Quote:
Originally Posted by Ashjuk
Following on from my post in the future items thread regarding dictionaries I have now worked my way through my default user dictionary [...].
|
Thanks for the list. I'll take a closer look.
But there's things such as:
You can see why that's not commonly accepted, because of the typo with:
- Colombians
- People from the South American country of "Colombia".
- Notice the 'o'!!!
That typo was so sneaky, it was even sitting in Sigil forever until I spotted it:
I even wrote a whole LanguageTool bug/request about this:
Here's a few of the common phrases I jotted down:
Columbia (with a 'u')
- British Columbia
- District of Columbia
- Columbia River
but almost everything else that's popular is actually speaking about the country:
Colombia (with an 'o')
- Colombian peso
- Colombian government
- Colombian women
- Colombian military
- Colombian drugs
- [...]
You can see how the spellchecker might want to err on the side of showing that common error... where the grammarchecker can take into account the surrounding words!
If you accidentally wrote:
the grammarchecker will go: "Uhh, did you mean the country?"
Or if you accidentally wrote:
- The Columbians wallet fell to the floor.
you'd want spellcheck to say: "Uhh, did you mean Colombian + Colombian's + Colombians + Columbia's".
These words are WAY more likely (see
Google n-grams).
Quote:
Originally Posted by KevinH
So I am really at a loss here. Should they be kept or removed?
|
See lots of the fantastic discussion 6 years ago in
Firefox Bug #1235506: "en-US dictionary: Additional Mozilla words need to be cleaned up".
Quote:
Originally Posted by KevinH
Even worse ... I checked the long list of First names that MySpell has that hunspell does not into Apple's Pages app and checked them and most of them are actually marked as correct based on the official Apple spellchecker as built into Pages!
So it appears that people's first names are included in in many official spellcheckers.
|
I side with SCOWL.
Names that are extremely common, like names like:
- Einstein
- Newton
- Aristotle
- Beethoven
Yes.
Names of famous cities/places:
- Everest
- Paris
- Berlin
- Washington
Yes.
But getting into rarer and more extreme names? And every name under the sun?
No.
That's why SCOWL's "size 60" list is used as the default. SCOWL has already gone through and included the most popular names/places.
As you rise up through "size 70" (Large) and "size 80", the list of "correctly spelled names" explodes.
In most cases though, these rarer names/spellings only make sense in very specific contexts.
- - -
Side Note: There is also the case of:
Company Names
"Are company names words?" Most dictionaries say
NO.
A word like "Facebook" isn't an actual, definable word, and shouldn't belong in the actual dictionary.

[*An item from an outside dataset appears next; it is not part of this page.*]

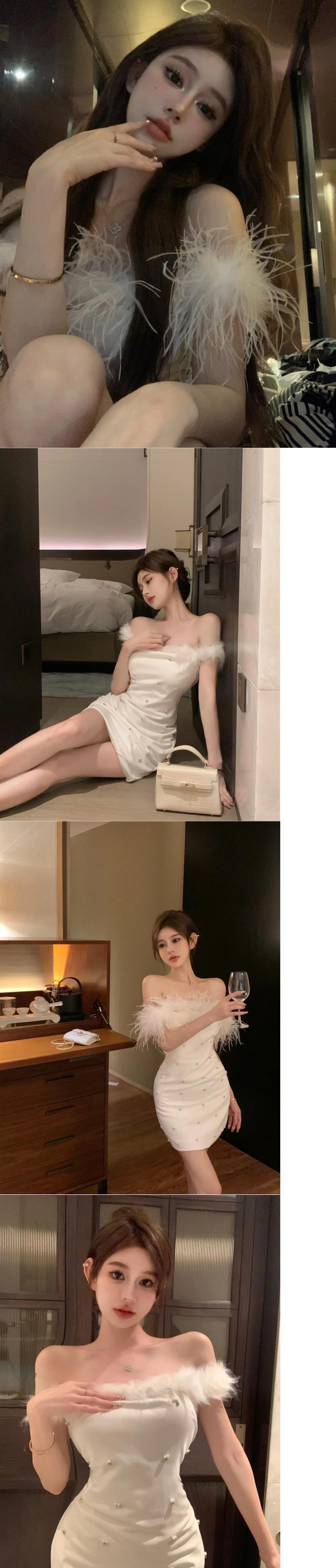 甘いホットガール毛皮襟ストラップレスドレス秋スリムオフショルダーパールセクシーショートドレス 大人ガーリー スウィート キュート カジュアル オータム 秋物 真珠

... but in the context of spellchecking, yes, some famous companies such as:
- Microsoft
- Google
- Facebook
- Coca-Cola
- IBM
- NVIDIA
- Qualcomm
or programs:
should be included as exceptions.
(This is where some of LanguageTool's lists help... but they go too far and begin accepting TOO MANY company names. Again, I agree/side with SCOWL's assessment. See some discussion about LT's lists like
wordlist Issue #181])
Acronyms
Similar situation with acronyms. Super common ones that exist in dictionaries?
... but accepting every acronym under the sun? No!

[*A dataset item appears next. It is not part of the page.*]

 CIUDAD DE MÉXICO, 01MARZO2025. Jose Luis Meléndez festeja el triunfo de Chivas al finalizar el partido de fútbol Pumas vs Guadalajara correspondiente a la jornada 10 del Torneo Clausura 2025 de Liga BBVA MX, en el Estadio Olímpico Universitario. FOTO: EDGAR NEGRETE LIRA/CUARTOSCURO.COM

(LT leans VERY far into that direction. Accept as much as they can, because they're worried mostly about the grammar squigglies, not the spelling.)
- - -
Side Note #2: Anyway, some of this is also described in detail in the:
-
SCOWL Readme
especially the section on "proper-names".
There's also a list of how many new Words vs. Names (+ Total) are added in each list:
Code:
Size Words Names Running Total %
10 4,425 13 4,438 0.7
20 8,126 0 12,564 1.9
35 37,260 220 50,044 7.6
40 6,858 489 57,391 8.7
50 25,289 18,683 101,363 15.4
55 6,487 0 107,850 16.4
60 14,552 850 123,252 18.7
70 35,294 7,897 166,443 25.3
80 144,164 33,368 343,975 52.3
95 227,630 86,630 658,235 100.0
You can see by "size 50", there's the most common ~20k names found in actual dictionaries, like:
But beyond the defaults ("size 60"), the names begin exploding, leading to MUCH more chances of false positives.
Like size 70 begins introducing:
- Addressograph
- Adelbert
- Adigranth
- Beaverboard
- Benedicite
- Blackmun
- Pianolas
- [...]
size 80 begins introducing smaller cities/towns (I believe everything over 10k population?):
- Alstead
- Altaloma
- Amburgey
- Amherstdale
- Plumtree
- Spitalfields
- [...]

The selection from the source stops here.